The earliest usage example of “twist of fate” I could find so far is from the mid 19th century:

Pierre; Or, The Ambiguities” by Herman Melville - 1852 - ‎

And now we behold this hapless youth all eager to involve himself in such an inextricable twist of Fate, that the three dextrous maids themselves could hardly disentangle him, if once he tie the complicating knots about him and Isabel. Ah, thou ...


You are asking about two different senses of twist. The first refers to some concrete physical item that has been twisted:

twist n
1. Something twisted or formed by twisting, especially:
a. A length of yarn, cord, or thread, especially a strong silk thread used mainly to bind the edges of buttonholes.
b. Tobacco leaves processed into the form of a rope or roll.
c. A loaf of bread or other bakery product made from pieces of dough twisted together.
d. A sliver of citrus peel twisted over or dropped into a beverage for flavoring.

And the second refers to a more abstract convolution, like an unexpected turn in a story or process:

  1. An unexpected change in a process or a departure from a pattern, often producing a distortion or perversion: a twist of fate; a story with a quirky twist.

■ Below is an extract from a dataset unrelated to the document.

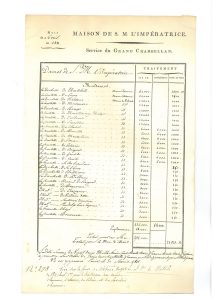 1 page in-8, adressée à ses " chères amies " : " J'ai bien tardé à vous répondre (…) excessivement excédée des importuns depuis que je loge au Luxembourg. Mon temps se passe en puérilités et la pauvre amitié en souffre, c'est toujours le jouet des vents ou de force ou de gré elle gémit toujours dans l'indolence… " Joint une gravure la représentant en buste. - L.A.S. de Marie Louise Joséphine de BOURBON (1782-1824), infante d'Espagne et reine d'Etrurie, 1807, adressée à Hector d'AUBUSSON de la Feuillade, ministre plénipotentiaire de France auprès de la reine d'Etrurie, texte en italien, 1 page in-8, belle lettre à entours de décor doré de style Empire. [En 1801, Napoléon transforme le grand-duché de Toscane en royaume d'Étrurie dont elle devient reine, puis régente à la mort de son mari en 1803. En 1807, Napoléon dissout le royaume d'Étrurie dont le territoire est rattaché à l'Empire. Marie-Louise se réfugie à Madrid, puis suit son père destitué et exilé en France par Napoléon, en 1807.] - L.A.S. de Désirée CLARY (1777-1860), un temps fiancée à Napoléon Bonaparte, épouse du général Bernadotte et Reine de Suède, Vichy, 23 juillet, 1 page in-8. Elle remercie un correspondant de s'être occupé pour elle d'une affaire. - L.A.S. de Jeanne Louise Elisabeth BERG (1771-1852), épouse de Jean de Dieu SOULT duc de Dalmatie, maréchal d'Empire, Paris, 27 mars 1809, 1 page ½ in-8, adressée à M. le comte : " (…) les nouvelles de mon mari me parviennent toujours très difficilement ; il sera désespéré de ne pas pouvoir faire la guerre en Allemagne, et je partage bien son chagrin à cet égard. On parle beaucoup du départ prochain de S. M. dont une partie de la maison est en route depuis la semaine dernière… " - P.S. de Louise GUENEHEUC, duchesse de MONTEBELLO (1782-1856), épouse du maréchal d'Empire de LANNES, Paris, 30 avril 1811, 1 page in-fol., titrée " Maison de l'impératrice - service du grand Chambellan ", tableau récapitulant la liste de toutes les dames d'honneur et d'atours de l'Impératrice avec pour chacune leur traitement annuel. - L.A.S. d'Anne GOUVION (1775-1844), épouse de Laurent GOUVION marquis de Saint Cyr, maréchal d'Empire, Reverseaux, 13 novembre 1812, 1 page in-8, sollicitation de placement. - L.A.S. d'Aglaé Louis AUGUIÉ (1782-1854), " princesse de Moskowa ", épouse de Michel NEY maréchal d'Empire, dame de compagnie de l'Impératrice Joséphine, puis de Marie-Louise, 29 mars [1815], 4 pages in-8, adressée à son cousin Edmond CARDON, ancien aide de camp : " J'ai envoyé à votre lettre à monsieur de Montalivet (…) si j'ai un conseil à vous donner c'est de ne pas faire de nouvelles démarches dans ce moment-ci. Notre famille a sans doute excité de la jalousie dans un moment où elle était comblée de l'Empereur ! Et ce pauvre Henry s'est trouvé la victime des réflexions qu'on a surement faites à ce sujet, sa préfecture lui a été ôtée et donnée à un autre. Vous jugez quel coup ce sera pour lui et surtout ce que cela a été pour ma pauvre tante. Heureusement que nous sommes pleins de confiance dans les bontés de l'Empereur, et qu'il a promis à la Reine qui lui a peint le chagrin de ma pauvre tante (…) Mais en attendant cela fait la nouvelle de tout Paris !... " - L.A.S. d'Hortense de BEAUHARNAIS (1783-1837), fille de Joséphine, épouse de Louis Bonaparte, Reine de Hollande et mère de Napoléon III, 23 février 1828, adressée à M. Schetzler, 1 page in-8 : " Je consens à vendre ma maison à monsieur le comte de Papenheim pour le prix de quarante et un mille francs mais comme je vous l'ai dit je désire conserver les lustres que je dois faire venir ici l'année prochaine… " [En 1820, la duchesse de Saint-Leu, titre que Louis XVIII avait, comme on sait, donné à la reine Hortense, vint avec ses deux fils habiter Augsbourg et s'établir rue Sainte-Croix, dans une maison qui, plus tard, prit le nom de palais Pappenheim, parce qu'un comte de Pappenheim en avait fait l'acquisition. L'ex-reine de Hollande était venue à Augsbourg pour faire donner à ses fils une éducation solide.] - L.A.S. de " la Male Dchesse de Raguse " [Anne Marie Hortense PERREGAUX (1779-1857)], épouse du maréchal de MARMONT, duc de Raguse, aide de camp de Napoléon Bonaparte, 6 décembre, gaufrée à ses armes, 1 page in-12, adressée à un comte : " Ceci ressemble plus à du dévouement qu'à de l'élégance mon cher comte car venir affronter mon horrible chemin ce soir me paraît une entreprise digne des Paladins d'un autre temps. Il fallait me demander à dîner, puis que vous avez cette bonne pensée de venir me voir je vous en remercie avec reconnaissance. Vous me trouverez réfugiée au fin fond de mon petit appartement pour avoir plus chaud, ravie de voir un visage humain pour me distraire de la neige, des tracas, des voisins et des comptes de fin d'année… "

The Free Dictionary Online

The noun form is attested from the mid-14th century, according to Etymonline:

mid-14c., "flat part of a hinge" (now obsolete), probably from Old English -twist "divided object; fork; rope" (as in mæsttwist "mast rope, stay;" candeltwist "wick"), from Proto-Germanic *twis-, from PIE root *dwo- "two." Original senses suggest "dividing in two" (source also of cognate Old Norse tvistra "to divide, separate," Gothic twis- "in two, asunder," Dutch twist, German zwist "quarrel, discord," though these senses have no equivalent in English), but later ones are of "combining two into one," hence the original sense of the word may be "rope made of two strands."